I found a schematic for the 512MB suggesting that the data lines are all connected sequentially.

Now, memtest seems to report issues always in the same area and with same or similar bits. See below.
If I understand right the "Err-Bits" is in Hex so the first line 02000000 means 0000 0010 0000 0000 0000 0000 0000 0000 - this is 32bit because memtest uses 32bit patterns.

I also understand that it's not a given that ICs and the memory controller are wired 1:1 - maybe they're not for PCB routing needs. Hence it's more or less impossible to track down the faulty IC. Is that correct?

I believe one IC behaves differently when warmed up - the errors count is like 10x and even memtest crashes at some point. So "heat" can be used. But wondering if there is another way.

Thanks!

My Youtube channel: https://www.youtube.com/@tony359

Reply 1 of 5, by PC@LIVE

User metadata
Rank Oldbie
Rank
Oldbie
tony359 wrote on 2025-01-13, 17:43:
Hi all, […]
Show full quote

Hi all,

Entirely for fun reasons I'm curious to find out whether it would be possible to find out what IC is bad on a SDRAM stick.

I've got some PC150 sticks I was sent by Sphere - they show errors on memtest.

One is 256MB and it's double sided - so that would be more difficult as the 64bit of the module would be shared between front and back.
One is 128MB - basically half the 128MB.

I found a schematic for the 512MB suggesting that the data lines are all connected sequentially.
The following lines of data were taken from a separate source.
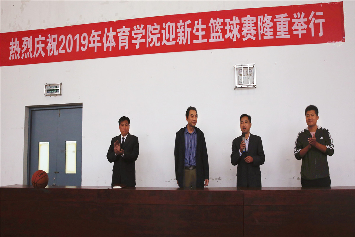 10月9日万象城allwincity官网关工委邀请退休教师李钢参加并指导万象城allwincity官网迎新生篮球赛开幕式。万象城allwincity官网党委书记、院长、关工委主任陆林召,党委副书记、关工委副主任丁光明,辅导员袁野和17级18级19级篮球代表队全体人员参加开幕式。开幕式由丁光明主持。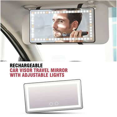 STAY STYLISH, STAY SAFE - Rechargeable Car Visor Travel Mirror With Adjustable Lights (RCVTM)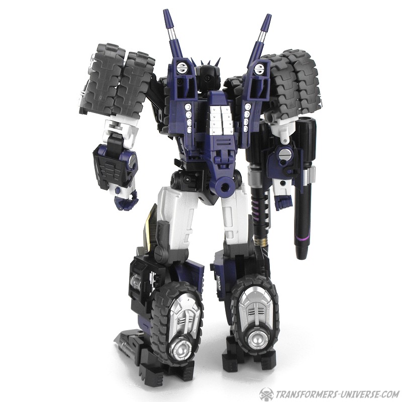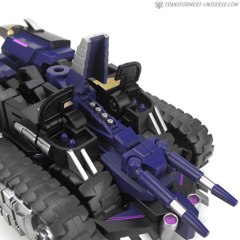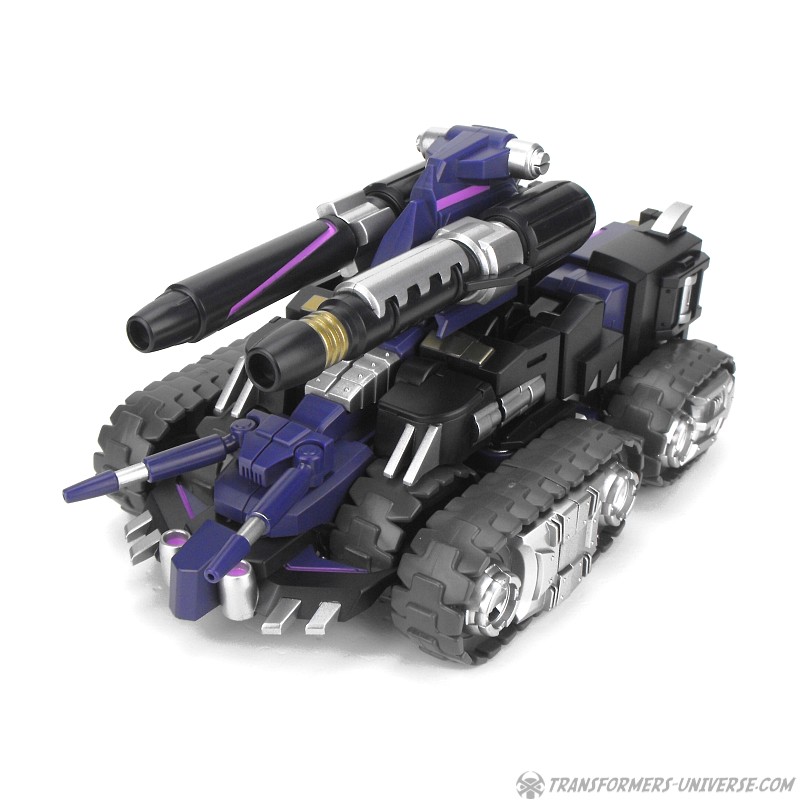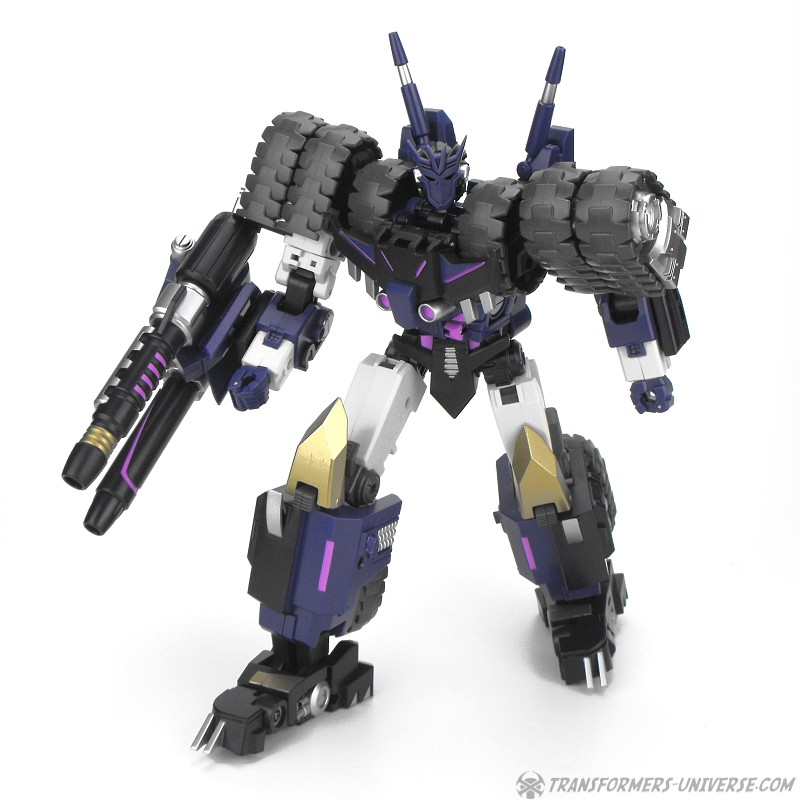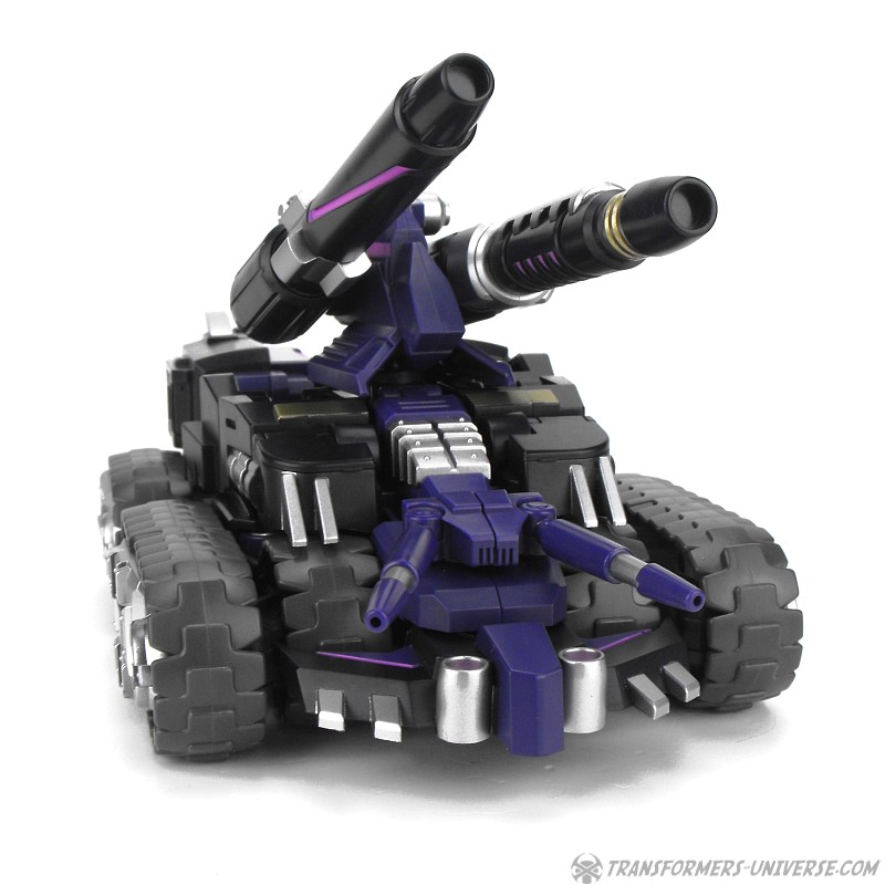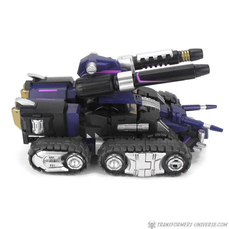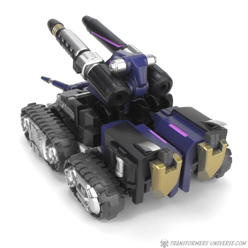Robotermodus: Vom Design her ist Kultur einer der am coolsten aussehenden Roboter seit langem für mich. Sowohl in Form als auch Farbe ist er der quintessentielle Decepticon. Da ist natürlich seine Maske, die dem Decepticon Symbol entspricht, aber auch sein Torso ist so ein wenig dem Symbol nachempfunden. Die dreifachen Panzerketten, die seine Schultern bilden, lassen ihn enorm breit und kräftig wirken. Dazu dann die Doppelkanone am Arm und der Look ist perfekt. Ja, das hier ist ein böser Roboter, ein Decepticon! Kein Zweifel!

Now, memtest seems to report issues always in the same area and with same or similar bits. See below.
If I understand right the "Err-Bits" is in Hex so the first line 02000000 means 0000 0010 0000 0000 0000 0000 0000 0000 - this is 32bit because memtest uses 32bit patterns.

I also understand that it's not a given that ICs and the memory controller are wired 1:1 - maybe they're not for PCB routing needs. Hence it's more or less impossible to track down the faulty IC. Is that correct?

I believe one IC behaves differently when warmed up - the errors count is like 10x and even memtest crashes at some point. So "heat" can be used. But wondering if there is another way.

Thanks!

Hi Tony,
This is a very interesting thing 🧐
Honestly, the only thing I think can be done is to check all the tracks, to see if any are interrupted, but even the SMDs could be defective, this is assuming that the memory chips are all ok.
One thing that could be done with chips removed, is to make measurements, and check if there is an anomalous value in any chip, maybe here a pdf related to the chip helps, but having a RAM on two faces, you could try to remove those of the face, which is usually not occupied in the single-sided modules, if it works you have one or more failed chips among those removed, otherwise you should remove those and put the ones you had removed first, and try again, but I don't know if there is a tool to verify the individual chips.
Watching your YouTube video I saw that you don't have a 370 card, if you're interested I can give you a free VIA chipset card (I don't have time to do anything about it having others the same), and if you want I can send you one or two motherboards with other sockets, the 370 has from what I remember a non-working IDE, but I've never tried it.
Possibly send me a message 💬

AMD 286-16 287-10 4MB HD 45MB VGA 256KB
AMD 386DX-40 Intel 387 8MB HD 81MB VGA 256KB
Cyrix 486DLC-40 IIT387-40 8MB VGA 512KB
AMD 5X86-133 16MB VGA VLB CL5428 2MB and many others
AMD K62+ 550 SOYO 5EMA+ and many others
AST Pentium Pro 200 MHz L2 256KB

Reply 2 of 5, by tony359

User metadata
Rank Member
Rank
Member

Yes, I need to check those SMD resistors though I think with a failed one the stick wouldn't work at all. But yes, it's on my list.
the ICs are BGA so a bit a pain to move around!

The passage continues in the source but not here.